Jumperless V5 lets you prototype like a nerdy wizard who can see electricity and conjure jumpers with a magic wand. It’s an Integrated Development Environment (IDE) for hardware, with an analog-by-nature RP2350B-based dev board, a drawer full of wires, and a workbench full of test equipment (including a power supply, a multimeter, an oscilloscope, a function generator, and a logic analyzer) all crammed inside a breadboard.
You can connect any point to any other using software-defined jumpers, so the four individually programmable ±8 V power supplies; ten GPIOs; and seven management channels for voltage, current, and resistance can all be connected anywhere on the breadboard or the Arduino Nano header.

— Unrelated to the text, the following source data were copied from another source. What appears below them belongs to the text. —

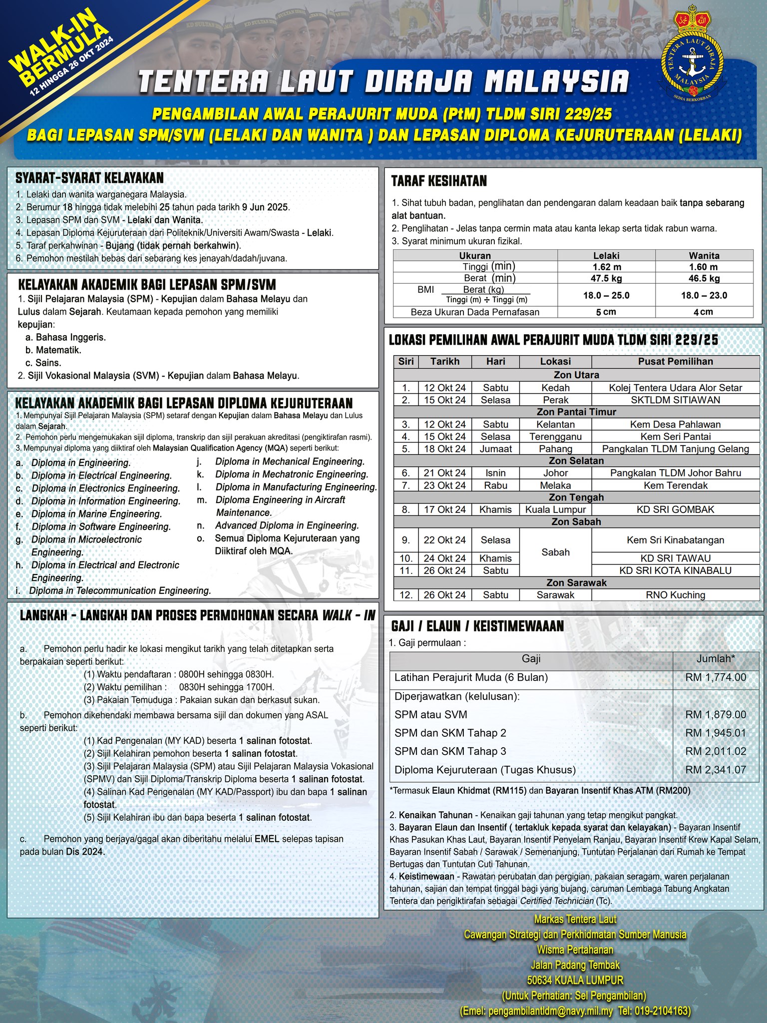 Iklan Kini Jawatan Di Tentera Laut Diraja Malaysia Like serta Ikut Facebook Kami, follow Chanel WhatsApp Jawatan Kosong & Telegram Portal SPA9 untuk capaian pantas kekosongan jawatan daripada kami sekarang. Klik Jawatan Disini
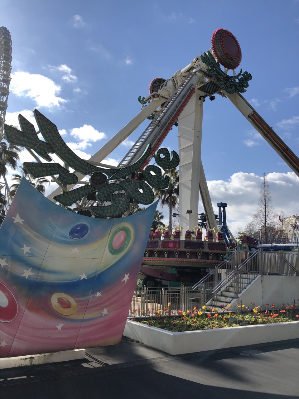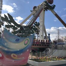 やじろべいのようにある二つの円の乗り物が回転しながら、ぶんぶんと動きます。
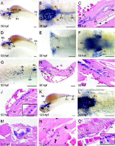 Fig. 5. Spatial mRNA expression patterns of agr2 during 96–120 h of development. agr2 was expressed in the otic vesicles of 96- (A), 98- (D, F), and 120-h post-fertilization (hpf) embryos (K, M). Expression of agr2 in mucous cells and anus was observed in 96- (A), 98- (D), and 120-hpf embryos (K). Expression of agr2 was detected in the olfactory bulbs of 96- (A), 98- embryos (E), and 120-hpf embryos (K). Expression of agr2 in the pharynx was observed from 96 to 120 h of development (A–D, F, H, I, K, L, and N). Expression of agr2 in the esophagus, and pneumatic duct was detected in 96-h (B and C) and 98- hpf embryos (D, H, and I). Expression of agr2 in the swim bladder can only be detected in 96-hpf embryos (B and C). Trace amount of agr2 expression in the esophagus can be observed in paraffin sections of 120-hpf embryos (N). agr2 was expressed in the goblet cells located in the mid-intestine region of 98- (D, G, H, and J) and 120-hpf embryos (K and O). Higher magnification view of agr2-expressing goblet cells was shown as insets in J and O, respectively. No expression of agr2 can be observed in the notochord of 96- (C) and 98-hpf embryos (H and I). Longitudinal paraffin sections of 96- (C), 98- (H–J), and 120-hpf embryos (M–O) revealed agr2 expression in the pharynx, esophagus, pneumatic duct, swim bladder, goblet cells, semicircular canal, and anus. All embryos are shown with the anterior to the left. Embryos in A, D, and K are shown in lateral view, embryos in B, G, and L are shown in ventral view, and embryos in E and F are shown in their dorsal view. Ae, anterior endoderm; an, anus; es, esophagus; hg, hatching gland; nt, notochord; ob, olfactory bulb; ov, otic vesicle; pd, pneumatic duct; ph, pharynx; sb, swim bladder; sc, semicircular canal. Bars represent 100 μm. |
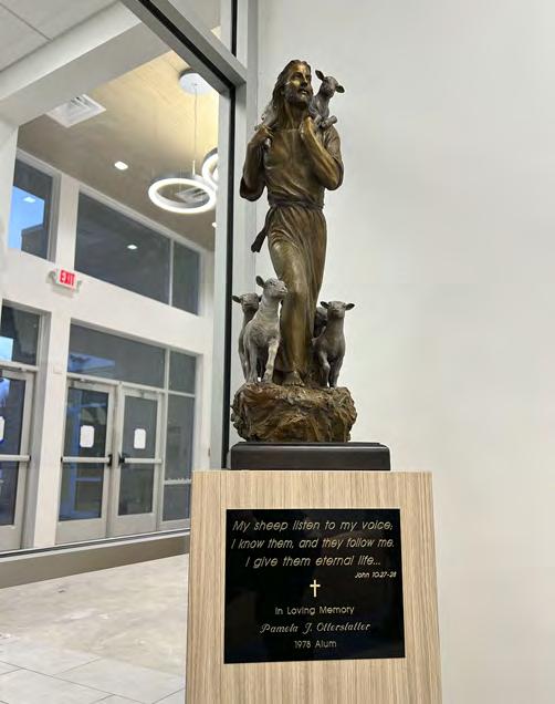 Senior Alex Isham and TechEd teacher, Forever Warrior Caleb Kasper ‘98, created the new time capsule. Other Forever Warriors added messages with Myrna’s, including current Regents Chair, Gordy Schmidt (‘81) and Student Body President Farah Stuebs (‘25) as well as Principal Pastor Don Schultz.
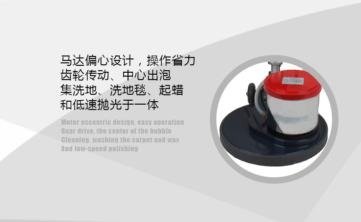 適用場所:特點(diǎn):偏心設(shè)計、齒輪傳動、中心出泡,操作靈活簡便具有洗地、洗地毯、起蠟和低速拋光等功能此機(jī)可配置PX50電子發(fā)泡箱使用,地毯清潔更方便

RGB LEDs under each hole turn the breadboard itself into a display that provides real-time information about whatever’s happening in your circuit.

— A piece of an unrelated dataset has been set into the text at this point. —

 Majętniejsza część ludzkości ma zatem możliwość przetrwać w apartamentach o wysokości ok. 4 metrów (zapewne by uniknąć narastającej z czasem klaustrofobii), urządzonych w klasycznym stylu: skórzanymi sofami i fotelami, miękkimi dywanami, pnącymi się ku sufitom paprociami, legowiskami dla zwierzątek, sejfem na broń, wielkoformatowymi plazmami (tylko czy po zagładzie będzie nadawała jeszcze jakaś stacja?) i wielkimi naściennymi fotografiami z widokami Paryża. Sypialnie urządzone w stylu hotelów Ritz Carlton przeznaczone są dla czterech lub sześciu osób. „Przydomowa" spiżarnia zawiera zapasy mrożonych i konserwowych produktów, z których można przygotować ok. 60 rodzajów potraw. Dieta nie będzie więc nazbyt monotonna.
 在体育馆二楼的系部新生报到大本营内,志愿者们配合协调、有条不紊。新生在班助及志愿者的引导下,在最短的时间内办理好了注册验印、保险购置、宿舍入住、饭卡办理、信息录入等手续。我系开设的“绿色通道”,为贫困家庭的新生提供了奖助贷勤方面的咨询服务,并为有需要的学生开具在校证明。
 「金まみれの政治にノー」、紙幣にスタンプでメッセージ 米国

It’s intuitive enough that it becomes "just part of your brain," the same way your computer does. You’ll quickly forget this isn’t how prototyping has always been.
Oh yeah, and it runs on the brand spankin’ new RP2350B!
V5 is a significant redesign of the original Jumperless. Having a few hundred people out there using Jumperless, sharing ideas, and writing their own apps gave us a list of things to improve and inspired us to make getting a circuit from your brain into hardware feel even more like actual magic.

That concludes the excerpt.